* **Source data**:
☆ ☆ ☆ ☆ ☆
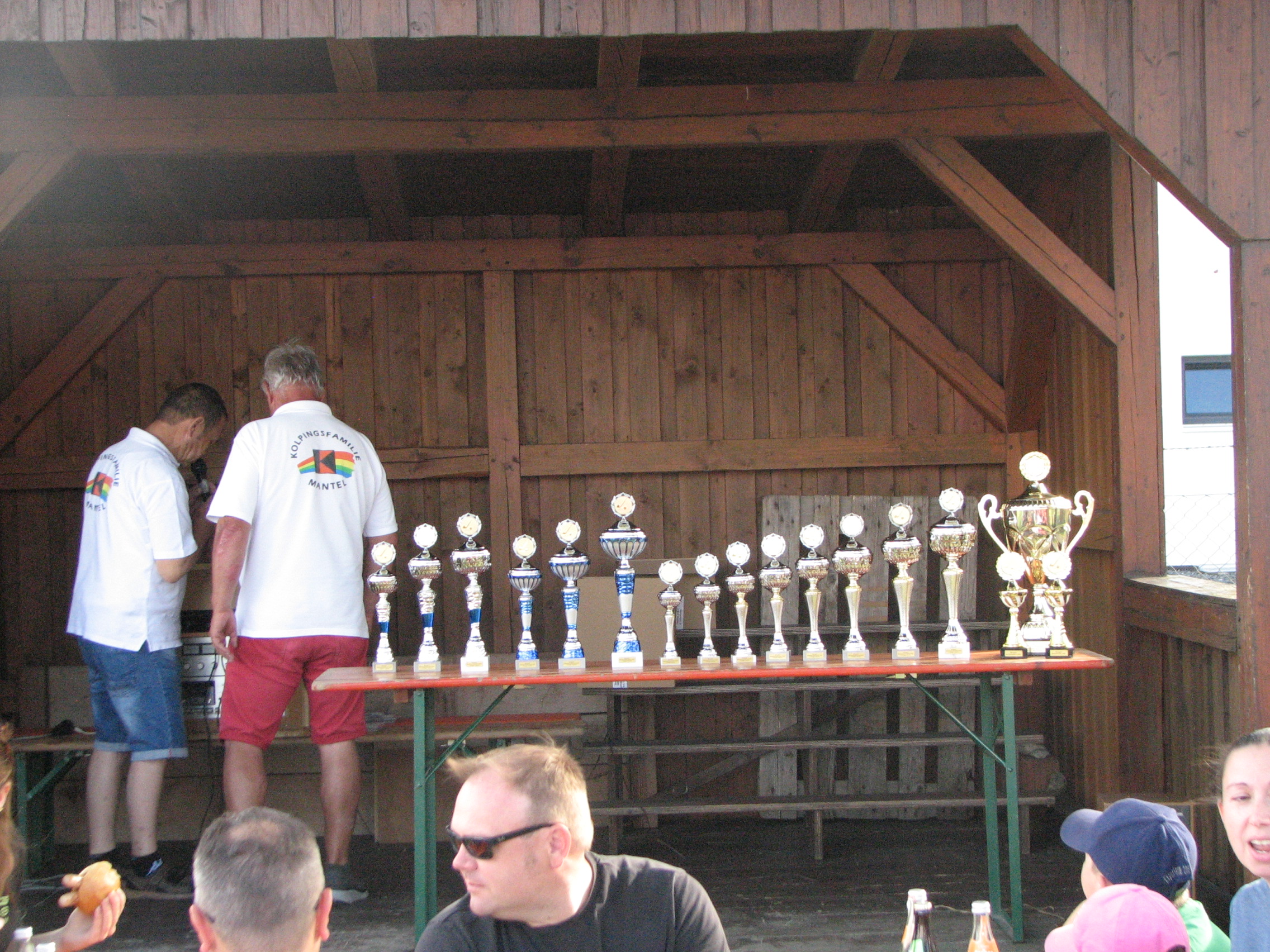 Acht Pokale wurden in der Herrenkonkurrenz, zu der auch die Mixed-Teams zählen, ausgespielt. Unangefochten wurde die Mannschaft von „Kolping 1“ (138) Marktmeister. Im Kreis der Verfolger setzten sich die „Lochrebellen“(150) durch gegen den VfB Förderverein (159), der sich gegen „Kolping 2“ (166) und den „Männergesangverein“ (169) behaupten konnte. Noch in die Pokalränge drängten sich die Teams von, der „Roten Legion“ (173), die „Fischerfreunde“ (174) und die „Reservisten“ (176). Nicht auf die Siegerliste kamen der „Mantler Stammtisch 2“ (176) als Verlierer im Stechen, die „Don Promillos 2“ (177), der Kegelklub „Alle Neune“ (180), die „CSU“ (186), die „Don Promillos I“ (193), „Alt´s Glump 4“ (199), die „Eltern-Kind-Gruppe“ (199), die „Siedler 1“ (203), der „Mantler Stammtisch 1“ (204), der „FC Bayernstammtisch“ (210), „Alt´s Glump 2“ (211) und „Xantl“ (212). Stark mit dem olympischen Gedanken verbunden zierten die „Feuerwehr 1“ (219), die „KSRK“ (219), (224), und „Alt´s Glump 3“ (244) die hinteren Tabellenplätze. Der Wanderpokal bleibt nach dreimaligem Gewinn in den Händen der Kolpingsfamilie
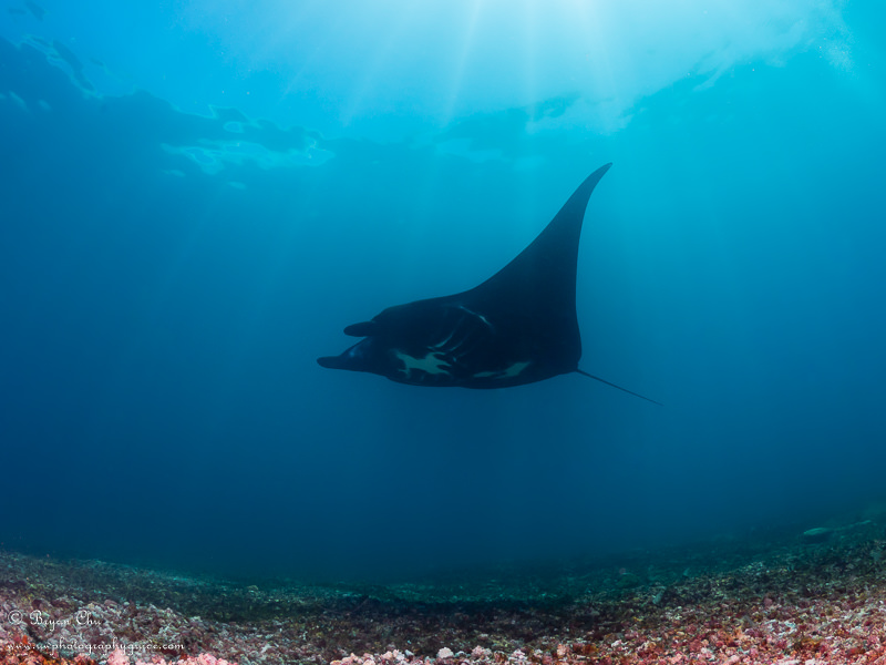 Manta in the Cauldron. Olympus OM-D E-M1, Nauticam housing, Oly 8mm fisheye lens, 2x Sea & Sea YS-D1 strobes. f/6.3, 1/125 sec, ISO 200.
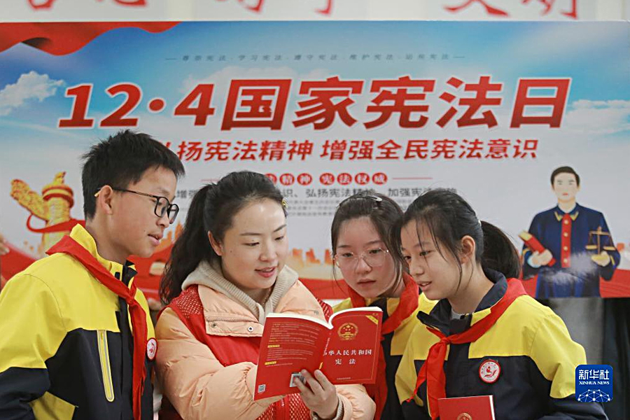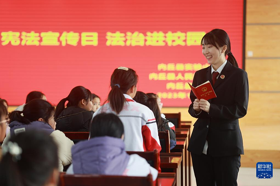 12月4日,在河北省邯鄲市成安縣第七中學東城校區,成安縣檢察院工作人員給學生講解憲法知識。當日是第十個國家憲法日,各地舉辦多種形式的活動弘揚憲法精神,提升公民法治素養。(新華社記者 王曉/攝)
☆ ☆ ☆ ☆ ☆
Drop the pictures and set down the data above exactly.

* **Exercise solution**:
 Acht Pokale wurden in der Herrenkonkurrenz, zu der auch die Mixed-Teams zählen, ausgespielt. Unangefochten wurde die Mannschaft von „Kolping 1“ (138) Marktmeister. Im Kreis der Verfolger setzten sich die „Lochrebellen“(150) durch gegen den VfB Förderverein (159), der sich gegen „Kolping 2“ (166) und den „Männergesangverein“ (169) behaupten konnte. Noch in die Pokalränge drängten sich die Teams von, der „Roten Legion“ (173), die „Fischerfreunde“ (174) und die „Reservisten“ (176). Nicht auf die Siegerliste kamen der „Mantler Stammtisch 2“ (176) als Verlierer im Stechen, die „Don Promillos 2“ (177), der Kegelklub „Alle Neune“ (180), die „CSU“ (186), die „Don Promillos I“ (193), „Alt´s Glump 4“ (199), die „Eltern-Kind-Gruppe“ (199), die „Siedler 1“ (203), der „Mantler Stammtisch 1“ (204), der „FC Bayernstammtisch“ (210), „Alt´s Glump 2“ (211) und „Xantl“ (212). Stark mit dem olympischen Gedanken verbunden zierten die „Feuerwehr 1“ (219), die „KSRK“ (219), (224), und „Alt´s Glump 3“ (244) die hinteren Tabellenplätze. Der Wanderpokal bleibt nach dreimaligem Gewinn in den Händen der Kolpingsfamilie
 Manta in the Cauldron. Olympus OM-D E-M1, Nauticam housing, Oly 8mm fisheye lens, 2x Sea & Sea YS-D1 strobes. f/6.3, 1/125 sec, ISO 200.
 12月4日,在河北省邯鄲市成安縣第七中學東城校區,成安縣檢察院工作人員給學生講解憲法知識。當日是第十個國家憲法日,各地舉辦多種形式的活動弘揚憲法精神,提升公民法治素養。(新華社記者 王曉/攝)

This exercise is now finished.